The answer is to be the lines below that lie between the line holding "6年生は余裕の表情で稲刈りをしています!" and the line holding "- In the Windows", inclusive, transcribed exactly and free of pictures.

[STORED DATA Boundary: Start]

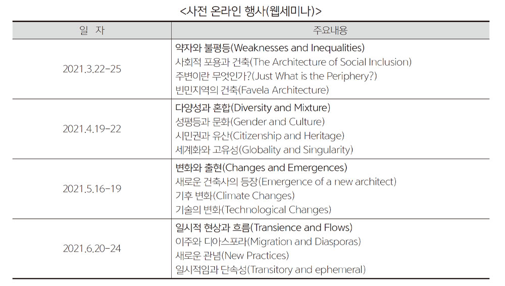 먼저 7월 18일에는 개막식(현지 기준, 17시)에 이어 리셉션과 소셜 네트워킹 행사가 생중계된다. 19일부 터 21일에는 9시부터 19시까지 온라인콘텐츠 및 토론, 강의가 생중계된다. 기조연설은 세계 각국에서 ▲ 카를라 주아카바(Carla Juaçaba, Brazil) ▲디예베도 프란시스 케헤(Diébédo Francis Kéré, Burkina Faso) ▲에두아르두 소투 드 모라(Eduardo Souto de Moura, Portugal) ▲엘리자베스 드 포잠박 (Elizabeth de Portzamparc, France) ▲파울루 멘데스 다 로샤(Paulo Mendes da Rocha, Brazil) ▲솔라노 베니테스(Solano Benitez, Paraguay) ▲스테파노 보에리(Stefano Boeri, Italy) ▲타티아노 빌바오(Tatiana Bilbao, Mexico) 등 총 8명이 연사로 나선다.
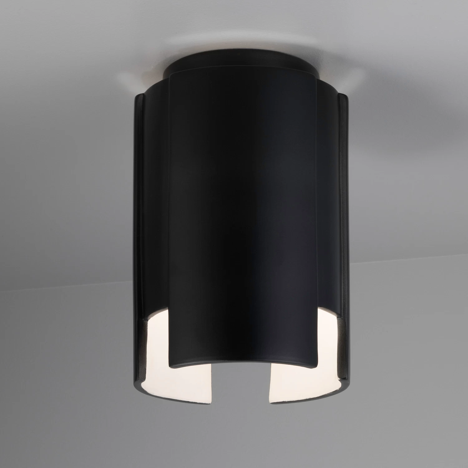 The Stagger Outdoor Ceiling Flush Light brings a clean detailed look to a variety of exterior spaces. The cylindrical shade looks to have staggered panels and is lined to reflect the light. Available in Bisque, Carbon, Concrete, Matte White or Greco Travertine with Incandescent or integrated LED lamping options. Bisque option is in its natural form and can be painted to your desired color. Wet location rated. Made in the USA. UL listed. NOTE: No Greco Travertine with integrated LED lamping option.
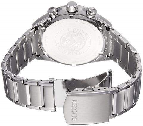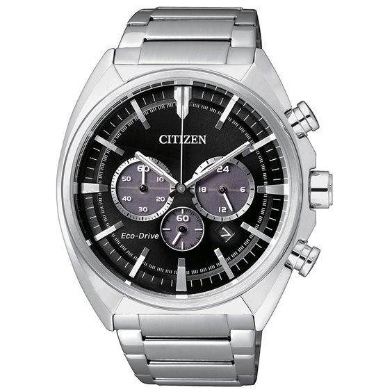 Orologio cronografo Citizen (collezione Chrono) da uomo in acciaio con tecnologia Eco Drive. Orologio in acciaio con cassa di diametro 4,1 cm e spessore di 1,3 cm. Quadrante principale nero, e quadranti più piccoli per la funzione cronografo in grigio/viola. Indici e lancette in acciaio. Cinturino in acciaio con chiusura a doppi pulsanti. Cronografo 1/5 sec, riserva di carica fino a 270 giorni, impermeabilità a 10 bar. Garanzia Internazionale 24 mesi e certificazione Ufficiale Citizen.
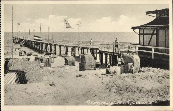 Ak Ostseebad Göhren auf Rügen, Am Stande, Steg, Strandkörbe, Fahnen
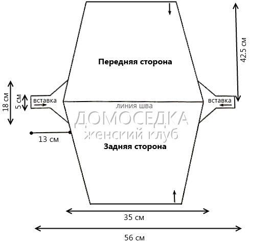 Сшить полотна передней и задней стороны (по закрытым петлям). Пришить вставки по боковым сторонам (см. схему), затем выполнить боковые швы.
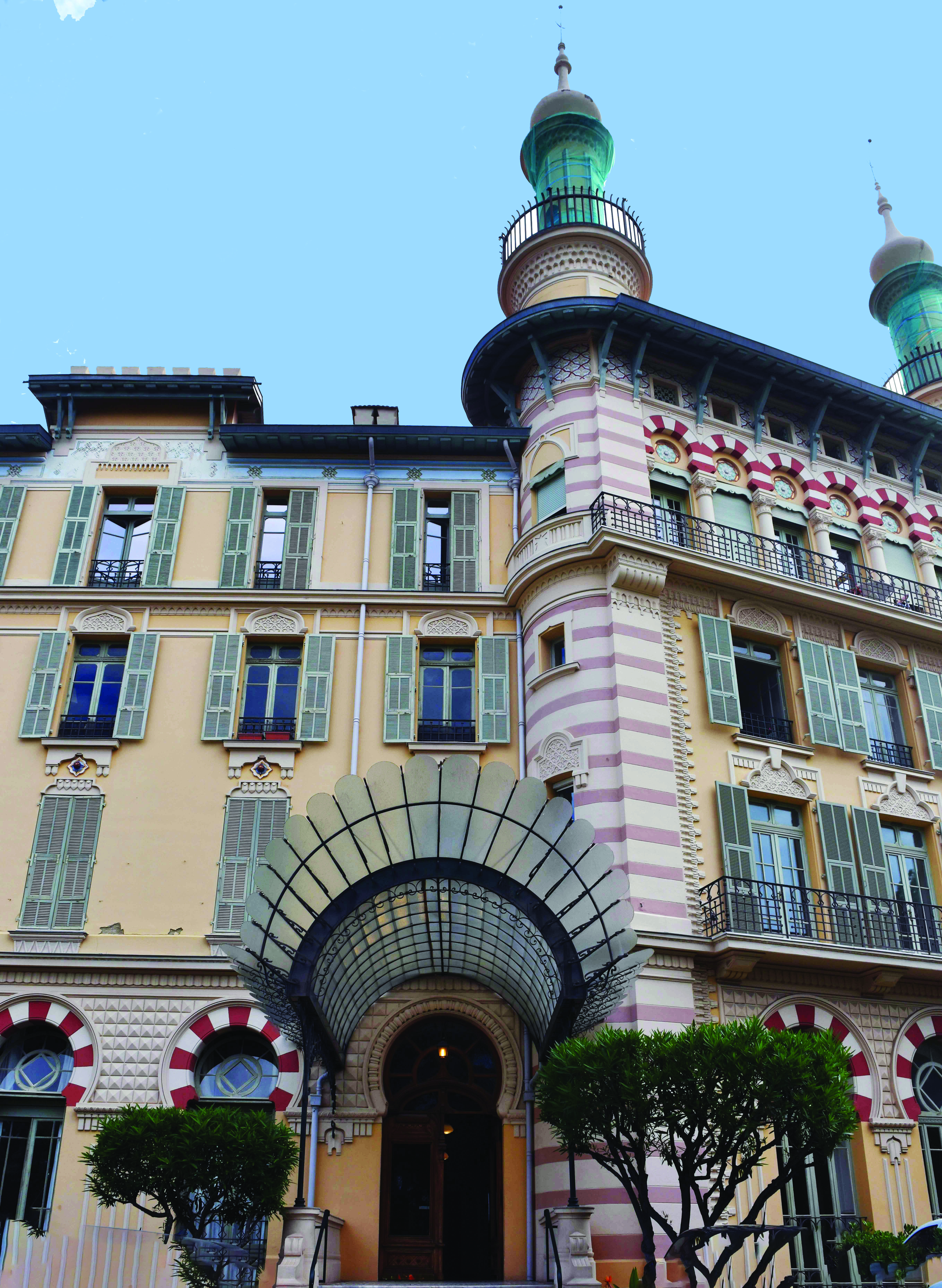 Ouvert en 1901, l’hôtel Alhambra, de l’architecte Jules Sioly, témoigne de la persistance, après 1900, du style oriental, très présent dès l’arrivée des premiers hivernants dans cette région dont la végétation est considérée comme exotique.
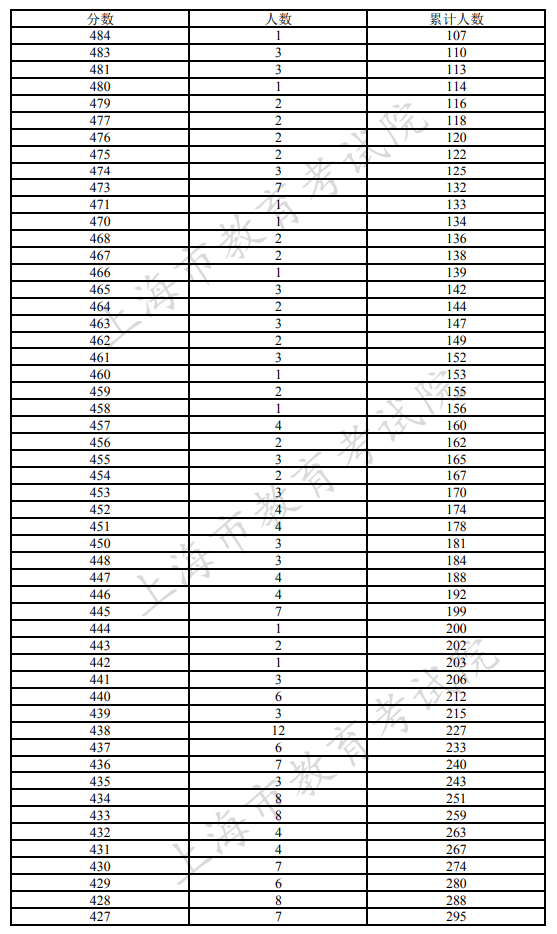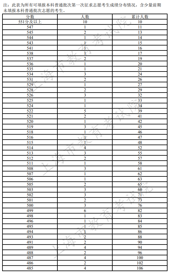上海2023年本科普通批次可填报第一次征求志愿考生成绩分布情况
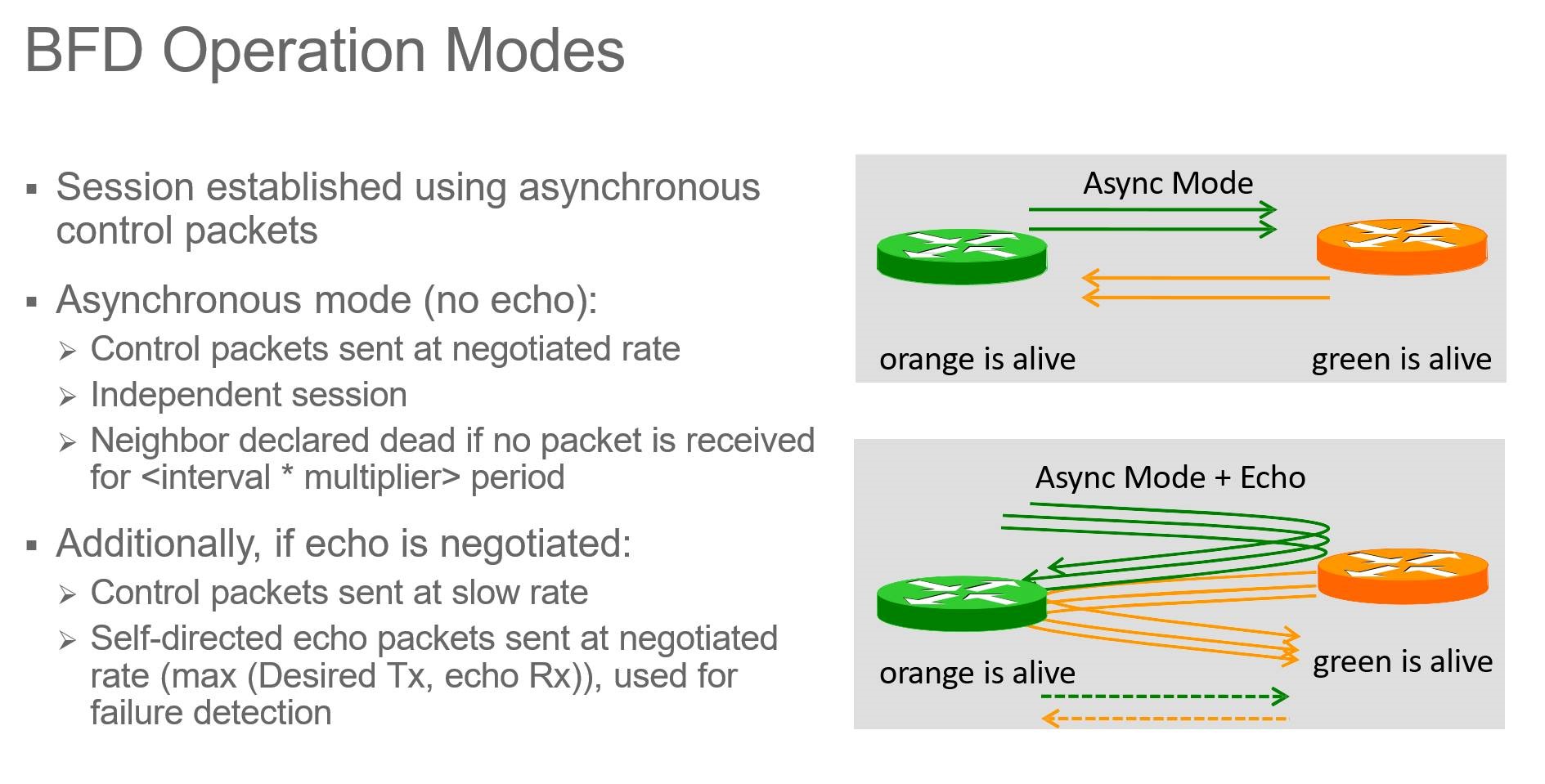 Một trong những giải pháp kiểm tra sự cố đường truyền giữa các Router nhanh chóng là điều chỉnh thời gian gửi các gói Hello và Keep-Alive trên các giao thức định tuyến đến một giá trị rất nhỏ. Tuy nhiên, thời gian phát hiện ra sự cố vẫn chưa thực sự nhanh lắm và số lượng các Hello quá nhiều sẽ làm tiêu tốn CPU và giải pháp này không hiệu quả khi số lượng Router mở rộng số lượng.
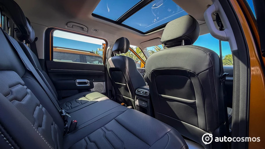 Los asientos traseros, además de ser amplios y de mejor postura que la gran mayoría de las camionetas, tienen una función de plegado, lo que permite generar un volumen de 960 litros, ideal para llevar cosas que no quieres que se vean o que sean delicadas: un televisor, maceteros con plantas, etc. Con plegado nos referimos a que tanto el respaldo se puede plegar hacia abajo, como los cojines inferiores hacia arriba. El apoyabrazos tiene un tamaño de 6 litros, bastante generoso.
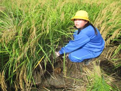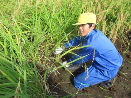6年生は余裕の表情で稲刈りをしています!
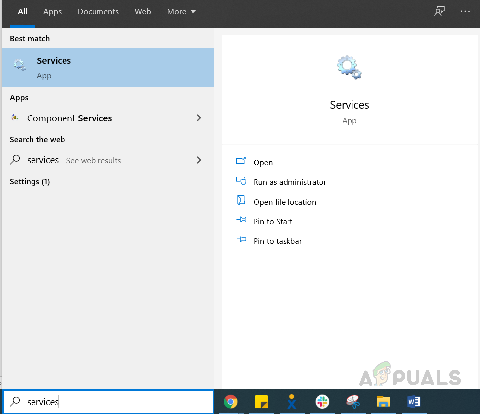 - In the Windows Search bar, type Services and press enter to open the utility.
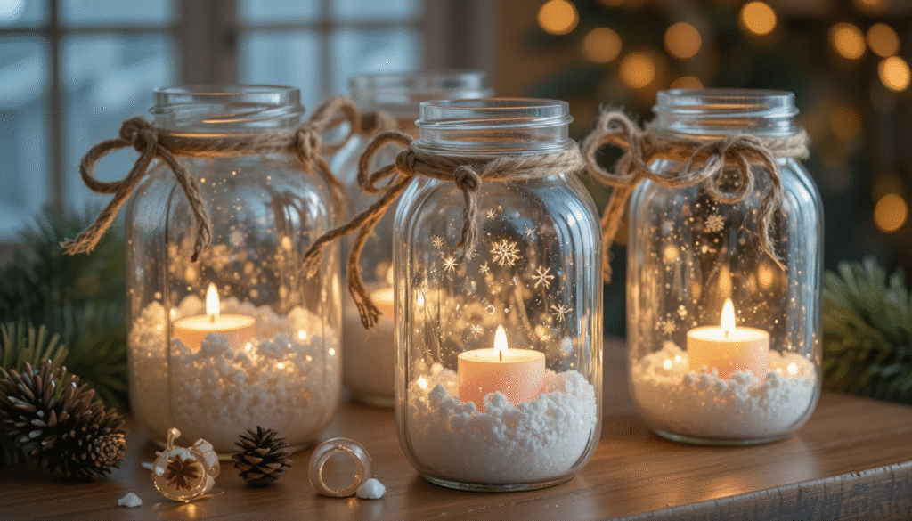 Mason jars are an American classic, and they make stunning Christmas lanterns. Simply fill them with faux snow, insert a LED tealight candle, and decorate the jar with twine, ribbon, or small pinecones. These lanterns glow beautifully on tabletops or windowsills and instantly create a cozy, warm holiday atmosphere. Their charm and simplicity make them perfect handmade gifts as well.
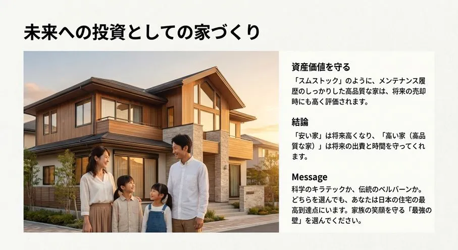 外装材選びの判断基準は、単なる「今の好み」だけでなく、「将来の自分にいくら残せるか」という投資的な視点を持つべきです。
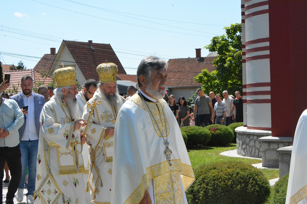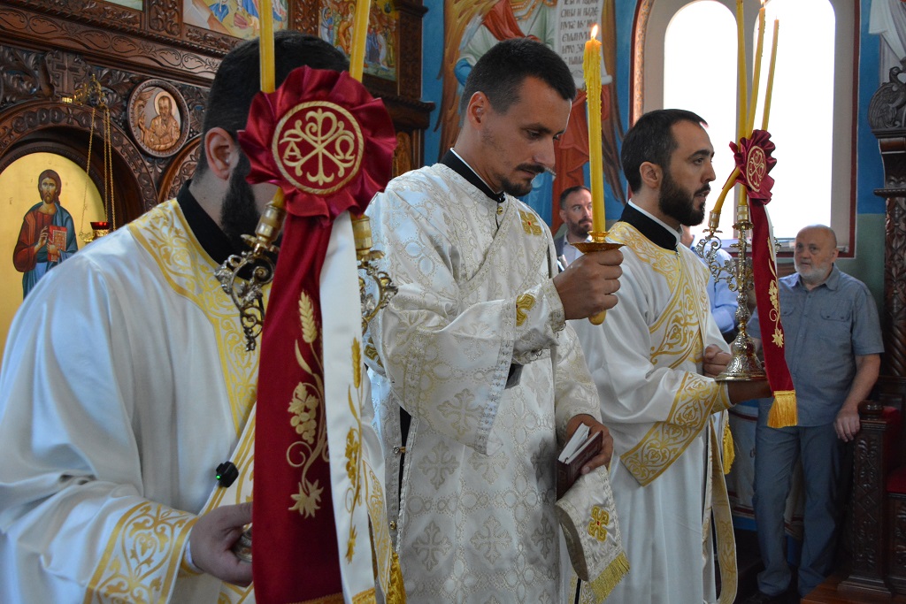 Нашим архијерејима су саслуживали: Архијерејски намесник орашачки, протојереј-ставрофор Мићо Ћирковић, протојереј-ставрофор Ђорђе Мишковић, гост из Баната, протојереј-ставрофор Драган Јездић, гост из Брчког, Архијерејски намесник лепенички, протојереј Срећко Зечевић, јеромонах Јован (Прокин), протојереји Љубиша Ђураш и Александар Миловановић, протонамесници Иван Теодосић и Милош Митровић и јереј Марко Урошевић, ђакони Александар Бабић, Лазар Маријановић и Дејан Обрадовић.

[STORED DATA Boundary: End]

- [THE ANSWER]
6年生は余裕の表情で稲刈りをしています!
 - In the Windows Search bar, type Services and press enter to open the utility.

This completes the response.